Plus loin, l'amoureux, du Cantique des cantiques, donnera à ce souffle
une note fruitée, dans la bouche de sa dulcinée : « Tes
seins, qu'ils soient des grappes de raisin, le parfum de ton souffle, celui des
pommes ».
Plus prosaïquement, les prophètes Isaïe, Jérémie,
ou encore Ezékiel, évoqueront à de nombreuses reprises le
souffle comme un vent brûlant, qui dessèche, « tel un feu qui
dévore ». Le souffle, dans l'Ancien Testament, n'est pas encore une
respiration : il vient de Dieu, certes, mais passe, et se retire.
C'est
dans l'Évangile de Jean que l'on trouve la plus belle évocation du
souffle, comme métaphore de l'Esprit créateur, comme manifestation
de la puissance divine. Ainsi, dans son entretien avec Nicodème, le
notable parmi les Juifs, Jésus lui dit, à propos d'une «
seconde naissance » : « Le vent souffle où il veut : tu entends
le bruit qu'il fait, mais tu ne sais pas d'où il vient ni où il
va. Il en est ainsi de tout homme qui est né du souffle de l'Esprit. »

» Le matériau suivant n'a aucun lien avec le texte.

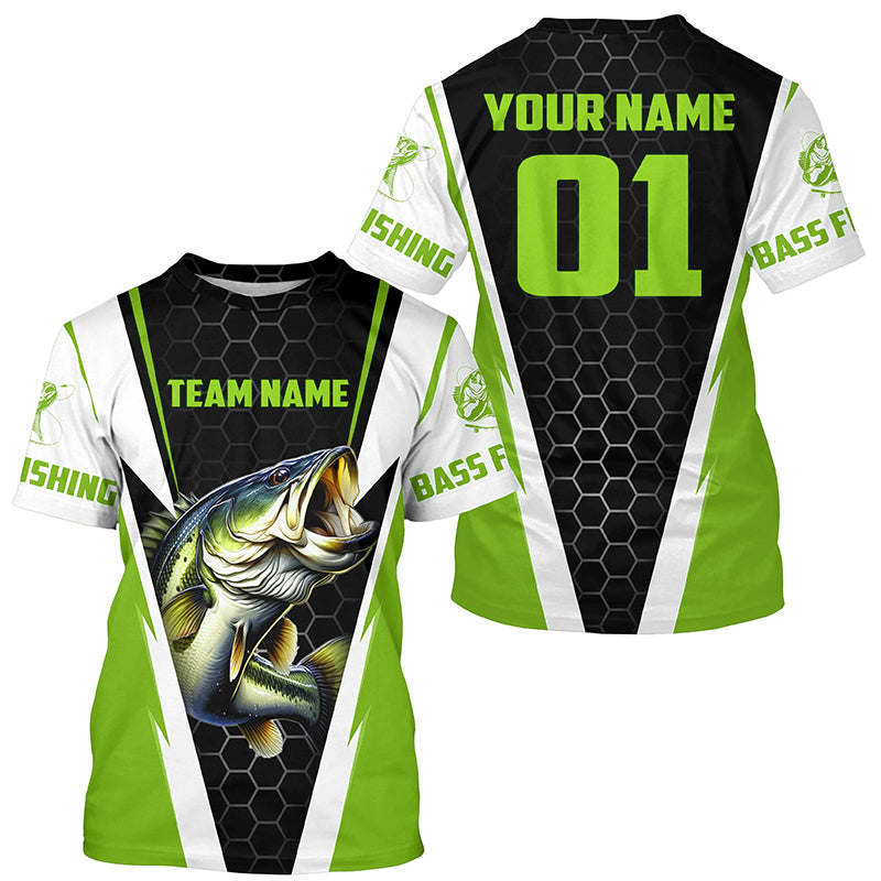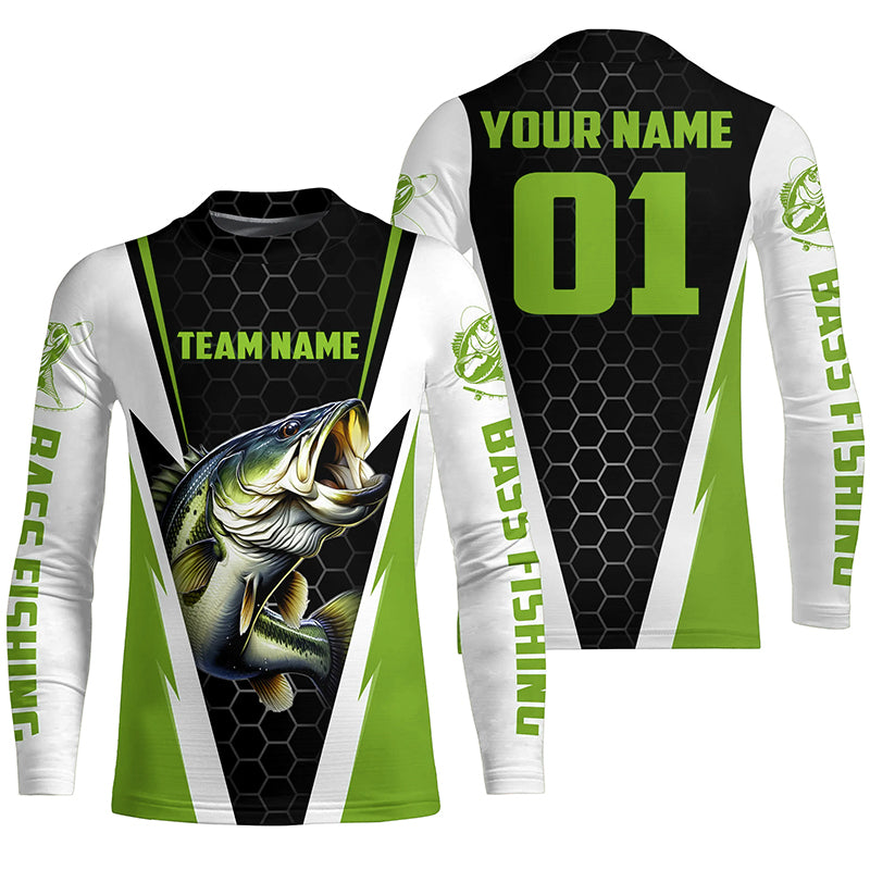 Personalized Bass Fishing Sport Jerseys, Bass Fishing Long Sleeve Tournament Shirts |Green IPHW3743

Ici le souffle tourne, circule, comme une brise légère qui
caresse, anime, fait vivre et revivre ; le souffle est devenu vie, et promesse
de vie éternelle.
Jésus conclut ainsi son entretien avec
Nicodème : « Dieu a tant aimé le monde qu'il a donné
son Fils unique : ainsi tout homme qui croit en lui ne périra pas, mais
il obtiendra la vie éternelle. La Bible, à n'en pas douter, est un
livre, ou plutôt une bibliothèque, qui ne manque pas de souffle !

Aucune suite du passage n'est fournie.